* What is required *
Without any of the pictures, set down the data below exactly.

* Data segment *
[Start of Attachment]
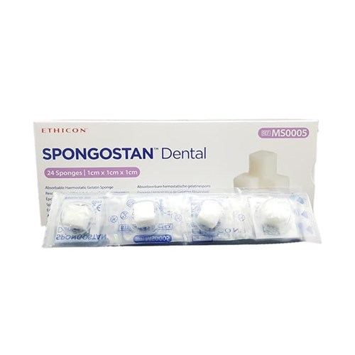 SPONGOSTAN Dental is a sterile, absorbable gelatin sponge specifically designed for dental and oral surgical procedures. It aids in controlling bleeding and supports clot formation at extraction sites or surgical wounds. Fully absorbable and biocompatible, it eliminates the need for removal.
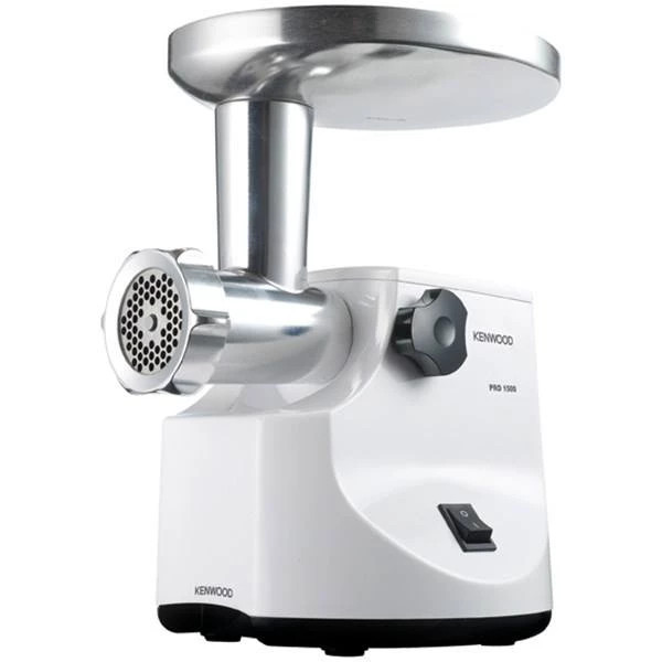 3 پنجره برای چرخ کردن گوشت - گلویی فلزی از جنس آلیاژ پرداخت شده به همراه گوشتکوب - دارای تیغه توری مشبک در سه اندازه ریز (3 میلیمتر)، متوسط (5.4 میلیمتر)، درشت (8 میلیمتر)
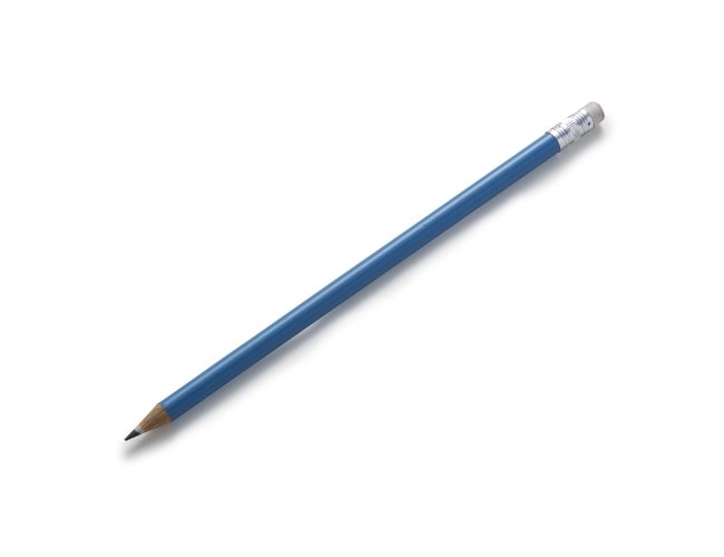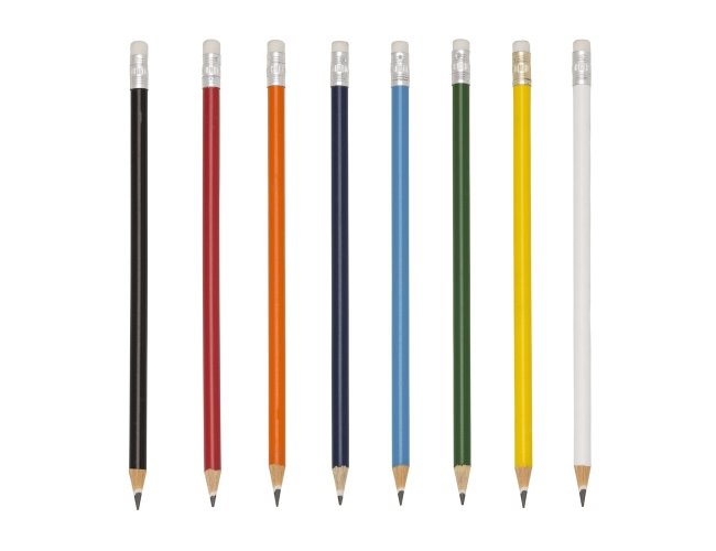 Lápis resinado colorido com borracha e grafite preto, guarnição prateada.
[End of Attachment]
* Result below *
 SPONGOSTAN Dental is a sterile, absorbable gelatin sponge specifically designed for dental and oral surgical procedures. It aids in controlling bleeding and supports clot formation at extraction sites or surgical wounds. Fully absorbable and biocompatible, it eliminates the need for removal.
 3 پنجره برای چرخ کردن گوشت - گلویی فلزی از جنس آلیاژ پرداخت شده به همراه گوشتکوب - دارای تیغه توری مشبک در سه اندازه ریز (3 میلیمتر)، متوسط (5.4 میلیمتر)، درشت (8 میلیمتر)
 Lápis resinado colorido com borracha e grafite preto, guarnição prateada.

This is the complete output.